논문의 요지 → 1) 어떤 새로운 기술을 도입해 2) 이만큼의 향상된 결과를 냈다

  • 즉, 논문의 핵심은 → ‘향상된 결과’를 낼 수 있었던 원인이 ‘어떤 기술’ 인가
  • 추가로, ‘이만큼 향상됐음’의 근거는 무엇인가

이번 논문 과제의 의도는 연구실이 기반하고 있는 연구 분야가 무엇인지 이해하는 것이라고 생각

따라서 ‘기술’에 주안점을 두고 논문 리딩 진행

💡논문에서 내가 얻어야 할 것은?

→ 향상된 결과의 기반이 되었던 기술적 발전은 무엇인가?

  • multiple binaries analysis + inter-binary data flow analysis

→ 그것은 어떤 아이디어에 기반하였는가?

  • Modeling &Tracking multi-binary interactions
  • IPC paradigm used in one firmware is likely to be finite(concept)
    • 한 바이너리의 data I/O 파악(mid-implementation) → inter-binary data flow recovery
  • by leveraging CPF(Communication Paradigm Finder) modules(Implementation)


시행착오

  • Appendix가 기술set 설명과 매우 밀접해 보여, 원활한 이해를 위해 Approach Overview를 읽고 바로 Appendix를 읽었음.
    • 그러나 Appendix는 핵심 기술의 component 레벨 요소에 관한 세부 설명이었음
    • 즉 논문 본문을 다 읽고 Appendix를 읽는 것이 효율적이었음


1. Introduction

1.1. Abstract

image.png

  • IoT devices - Software on these systems(Firmware)
    • Analysis challenged
      • Hardware-dependent
      • Not-standardized Environment → 1) unique & minimal 2) non-standard configurations
    • Analysis complicated
      • Multiple Binaries
        • Addressing the communication between executables is complicated
  • KARONTE
    • Static
    • Modeling & Tracking multi-binary interactions
    • Starting from taint information → insecure interactions → vulnerability identification
    • Evaluation
      1. On Tracking&Constraining Multi-binary interactions abilities
      2. On Scaling ability about:
        1. firmwares with various size and complexity


2. Background

Emersion of IoT devices

  • Vast amount of IoT devices introduced new-coined threats into cybersecurity landscape
  • Techniques that are invented, especially in the perspective of unpacking binaries, were insufficient


Constraint of traditional analysis techniques

  • Interconnected components(functionality based on multiple programs execution)

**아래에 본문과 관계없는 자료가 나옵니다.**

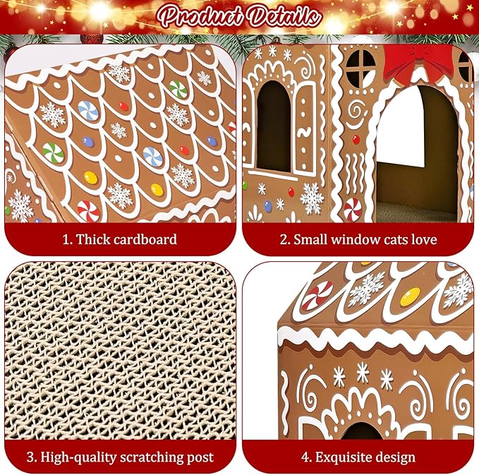 - Christmas Cardboard Cat House: Treat your furry friend to festive fun with this Christmas cardboard cat house with scratcher! Featuring gingerbread and snowman designs, this pet playhouse hideaway condo adds holiday charm to your Xmas décor, entertaining indoor cats, kittens, rabbits, or bunnies.
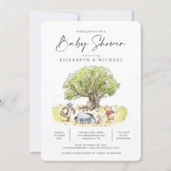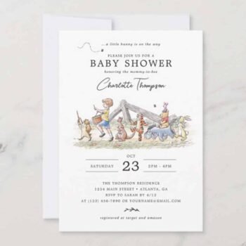 Classic Winnie the Pooh 100 Acre Wood Baby Shower Invitation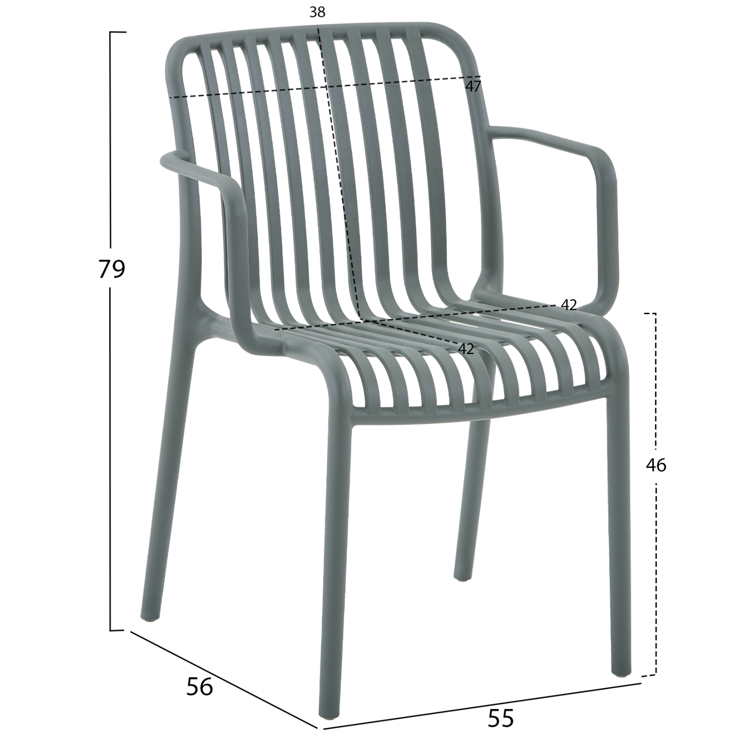 Η πολυθρόνα FB96105.07 είναι μια κλασσική πολυθρόνα εξωτερικού χώρου που θα καλύψει κάθε σας ανάγκη στην αυλή ή το μπαλκόνι σας. Είναι ποιοτική και κομψή στην όψη, ενώ το καμπυλωτό κάθισμα στο μπροστά μέρος όπως και τα σχετικά ψηλά της μπράτσα την καθιστούν αναπαυτικότατη. Όλη η πολυθρόνα είναι από δοκούς πολυπροπυλενίου σε DARK OLIVE χρώμα. Είναι στοιβαζόμενη, ελαφριά και άνετη, ιδανική επιλογή και για επαγγελματική χρήση, όπως σε catering κτλ.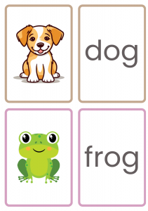Read and Find β Say a -og word like frog aloud, and have the child find the matching flashcard.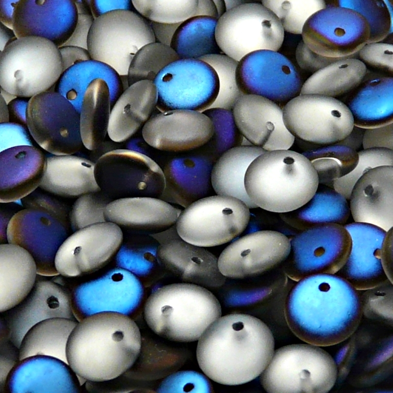 40ks České skleněné mačkané korálky čočka 8mm čirá/ azuro polopokov matSkladem 17 ks54 Kč/ ks44,63 Kč bez DPH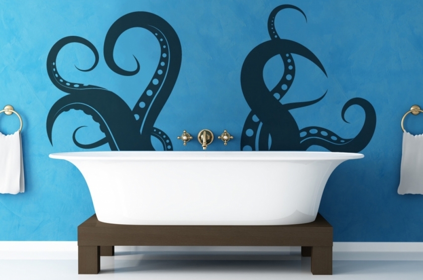 Selalunya, sempadan digunakan dalam reka bentuk bilik mandi atau bilik lain. Ia terdiri daripada corak berulang. Hasilnya adalah corak berterusan yang mengelilingi ruangan. Gambar bunga, tumbuh-tumbuhan, lumba-lumba sangat sesuai untuk tujuan ini. Lukisan yang dihasilkan adalah laconic dan terkendali. Stensil foto untuk hiasan dinding akan membantu anda menentukan pilihan corak untuk bilik mandi. Sekiranya anda ingin menjimatkan masa dan usaha, anda boleh membeli templat siap pakai di kedai bahan penamat terdekat.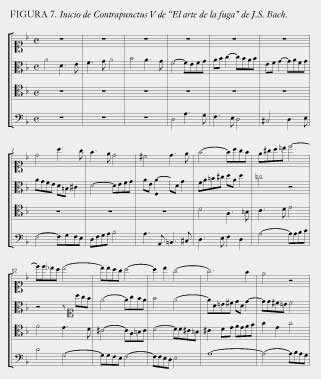 Naturalmente, también podríamos iniciar con una voz de bajo y, al agregarle diferentes voces soprano, transformar el significado del bajo. Así, es posible un verdadero diálogo y drama entre las voces. Escuchen, desde esta perspectiva, el inicio de la quinta fuga de El arte de la fuga de Bach, en donde el diálogo es especialmente claro. En esta fuga, el tema aparece junto con su inversión, lo que permite generar un nuevo conjunto de entrecruces de voces (ver figura 7).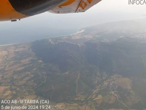 El Infoca realiza un vuelo de reconocimiento sobre la zona del fuego de Tarifa, que sigue activo 4 de junio de 2024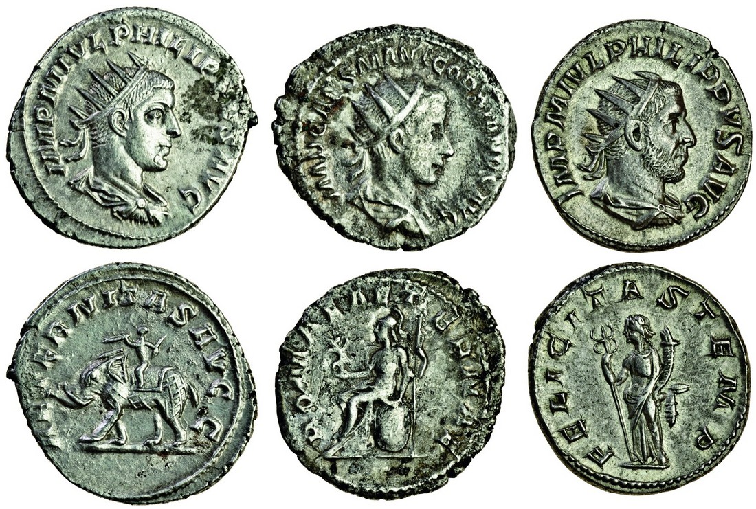 Philip I (AD 244-249), AR Antoninianus, radiate, draped and cuirassed bust right, rev. aeternitas avgg, elephant walking left, ridden by mahout (RIC 58; RSC 17), area of erosion before bust, extremely fine, another, similar bust, rev. felicatas temp, Felicitas standing left, holding long caduceus and cornucopia (RIC 31; RSC 43), almost extremely fine, Gordian III Antoninianus, radiate, draped bust right, rev. romae aeternae, Roma seated left (RIC 70; RSC 314), some erosion, almost very fine (3)

    ↔ analysis without accounting for the internal flow of data

    → Ignore meaningful constraints arise from inter-binary communication

    → Inability to differentiate sources of input(attacker-controlled or non-attacker-controlled)

    → Limited search performance that leads to uncovering only superficial bugs

Hence,

  • Consideration about multiple binary execution is necessary
  • Analysis on the data shared among multiple binary is necessary


KARONTE

  • Static
  • Track data flow
  • Intuition:
    1. IPC paradigm used in one firmware is likely to be finite
    2. Derive commonalities in the paradigm set
    3. Use the commonalities to detect input locations & inter-component interactions
    4. Use the verified interactions to track inter-component data flow
    5. Perform cross-binary taint analysis
    6. Detect insecure uses(potential vulnerabilities)


3. Approach Overview

여기 설명된 항목 정리하고 Appendix에 나온 거랑 매핑해서 정리하자


3.1. Firmware Pre-processing

  • unpack firmware sample using ‘binwalk’


3.2. Border Binaries Discovery

  • ‘Border Binary’: Binaries that export the device functionality to the outside world
    • Represents the point where accepts user requests & references user-controlled data


3.3. Binary Dependency Graph(BDG) Recovery

  • ‘BDG’
    • Directed graph
    • Models communication among border binaries by leveraging CPF(Communication Paradigm Finder) modules


3.4. Multi-binary Data-flow Analysis

  • By using ‘static taint engine’, the KARONTE:
    • Tracks data propagation
    • Collects data constraints
  • Simulate data propagation applying features gathered
    • from the target binary b to other binaries that have inbound edges from b


3.5. Insecure Interactions Detection

  • Identifying security issues


4. Border Binaries Discovery


5. Binary Dependency Graph(사실상 CPF가 핵심)


5.1. Purpose and Overview

  • BDG: detects data dependencies & model data propagation (setter binary → getter binary)
  • Challenges:
    • Inter-binary data propagation:
      • control flow information is useless because:
        • processes do NOT normally access other processes’ memory regions.
  • Solution:
    1. Model IPC paradigms by using CPFes(Communication Paradigm Finders)
    2. Use modeled paradigms to build a graph == BDG(Binary Dependency Graph)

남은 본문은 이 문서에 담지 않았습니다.